It is very hard to find numbers on what it really costs for metadata, but here is one from a Netflix job posting. $6 per movie for “original, descriptive movie and TV episode synopses.”
Here are links to a Hacking Netflix blog posting (likely to remain a valid URL) and to the Netflix job posting (guaranteed to succumb to link rot as soon as the opening
is filled).
The only other published numbers I’ve found are similar, $6.20 to $14.67 per jazz CD depending on the detail in 2003 at the Public Library of Cincinnati and Hamilton County. They were given a collection of 6200 jazz records and were estimating what that gift would cost them. See the article How Much Will It Cost? Making Informed Policy Choices Using Cataloging Standards.
The Netflix numbers are probably closer for an ecommerce or search application. Still, the close agreement in the numbers makes it pretty safe to say “less than $10 per document”.

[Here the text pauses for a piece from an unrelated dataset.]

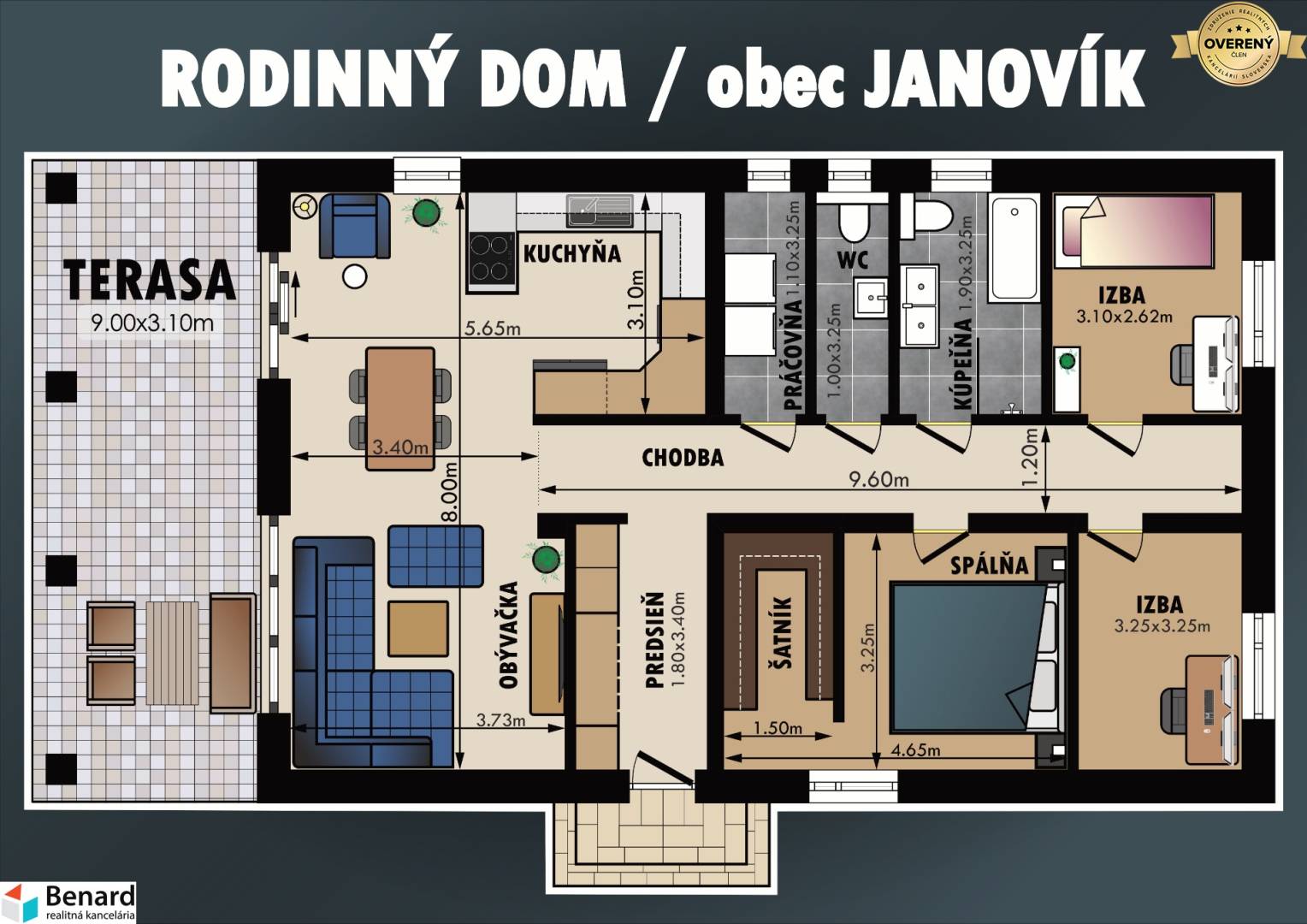 Hľadáte novostavbu bez nutnosti ďalších investícií, do ktorej sa môžete okamžite nasťahovať? Máme pre vás ideálnu nehnuteľnosť. Ponúkame na predaj jednopodlažný rodinný dom v obci Janovík, ktorá sa nachádza len pár minút od miest Prešov (18 min) a Košice (15 min). Vďaka svojej výbornej polohe a rýchlemu dopravnému napojeniu sa Janovík stáva čoraz obľúbenejšou lokalitou pre rodinné bývanie. V obci prebieha nová výstavba domov, čo potvrdzuje jej rastúcu atraktívnosť. Nehnuteľnosť sa nachádza v novovybudovanej časti obce, mimo hlavného ťahu, a ponúka tiché, komunitné prostredie ideálne pre rodiny s deťmi či ľudí, ktorí hľadajú pokojné bývanie s dobrou dostupnosťou do mesta. V obci nájdete potraviny, kostol, ranč s koňmi, detské aj multifunkčné ihrisko. Materská škôlka, základná škola a lekár sa nachádzajú vo vedľajšej obci Lemešany. Rodinný dom bol skolaudovaný v roku 2021 a je postavený z tehál Porotherm, čo zaručuje kvalitnú a pevnú konštrukciu s výbornými tepelnoizolačnými vlastnosťami. Je jednopodlažný, s neobytným podkrovím. Zastavaná plocha domu je 148 m² a úžitková plocha je 97,28 m². Dom je napojený na obecnú vodu a elektrickú sieť, odkanalizovanie je riešené žumpou s objemom 9 m³. Na pozemku sa nachádza montovaná garáž s elektrickou prípojkou, pred ktorou je prístrešok pre ďalšie auto. Veľkosť pozemku je 343 m². Dom je vybavený kamerovým systémom, plastovými oknami s trojsklom a podlahovým kúrením, ktoré v kúpeľni dopĺňa radiátor. Dom disponuje týmito miestnosťami: vstupná chodba, obývačka prepojená s kuchyňou a jedálňou, spálňa s vlastným šatníkom, dve samostatné izby, kúpeľňa s toaletou, samostatná toaleta a technická miestnosť. Z dennej časti domu sa dostanete na útulnú terasu, kde si môžete vychutnávať voľné chvíle. Cena nehnuteľnosti je na vyžiadanie v realitnej kancelárii. Viac informácií vám radi poskytneme pri osobnej obhliadke alebo prostredníctvom telefonickej či e-mailovej komunikácie. K dispozícii máme aj aktuálny znalecký posudok, ktorý Vám radi ukážeme pri prehliadke domu.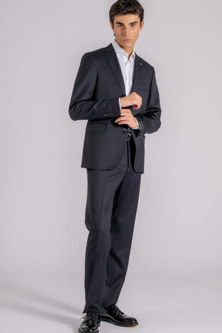 - Caratteristiche: Monopetto, allacciatura a 2 bottoni, tasche con patta, pantalone ventre piatto

Remember that the metadata must be updated when the document changes. Maybe “$10 per document per year” is a better number. HP was spending about that much to manage the HP-UX spec (man pages) about ten years ago. That covered all activities, not just metadata.
The Netflix job posting is for six openings, each with a six week duration. That sounds like a lot of work, but if I assume each writer does three synopses per hour (seems very fast for finished work), that is still only 4300 movies. Metadata is very, very expensive.
I have a couple of other stories without dollars, but still instructive.
One publishing company needed to digitize their back content and planned to start a division in the Philippines with 3000 employees to get it done. They found a different way.
I was consulting with a telecom company, and the CEO asked for metadata on every page in their intranet. They had 4M documents.
One final note, since I work for Netflix. All of the Netflix info here is derived from the job posting. No insider information was required or is included in this post.